The first edition neither provides a table of contents nor an index.

The catalogue does not provide coverage for Military stamps, postcards, aerogramme, and stamps issued by treaty ports, colonial outposts, revolutionary base, and liberated areas.

Although the catalogue is printed in both Chinese and English text together, the material presented are not formal equivalent in nature and should not be regarded as a word-for-word translation.

Diagrams of overprints and special markings are not photo extrapolation from actual stamps, rather they are hand-drawn diagrams where the actual location or the size of some letters may not correspond exactly to an actual stamp.

Regular Issues of the Qing dynasty and the Republic of China are listed in chronological order.

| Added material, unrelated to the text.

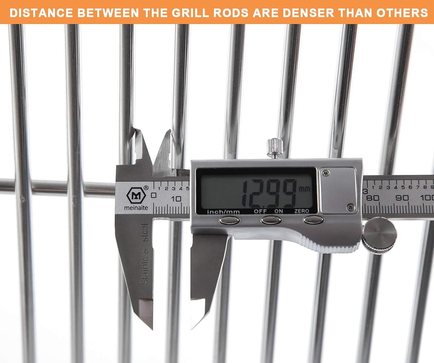 - Package includes 2-pack solid stainless steel cooking grates; Material: Heavy duty solid stainless steel: each rod diameter is 7mm( it is thicker and stronger than other traditional grill grates ). The rod of each of our grill grate is dense enough, which makes your food less likely to fall off during grilling. High quality stainless steel material, strong and durable, not easy to rust and evenly heated.
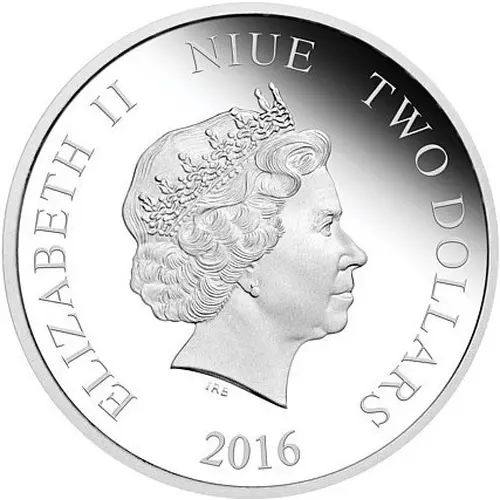 | Obverse lettering | ELIZABETH II NIUE TWO DOLLARS IRB 2016 |

A total of 1115 varieties are recorded.

Provincial Overprint Issues, Air Mail stamps, and Postage Due stamps are grouped by province, then by stamp issue, then by special printing varieties such as printer name and special watermark. This section recorded over 1992 varieties.

Detailed issuing history, features, and variations including the date of issue, denomination, origin of the paper, quality of paper, quality of gum, printer's name, watermark, colour, ink, perforation, number of panes per sheet, number of stamps per sheet and how they are positioned, and how many lots had been issued, are noted within.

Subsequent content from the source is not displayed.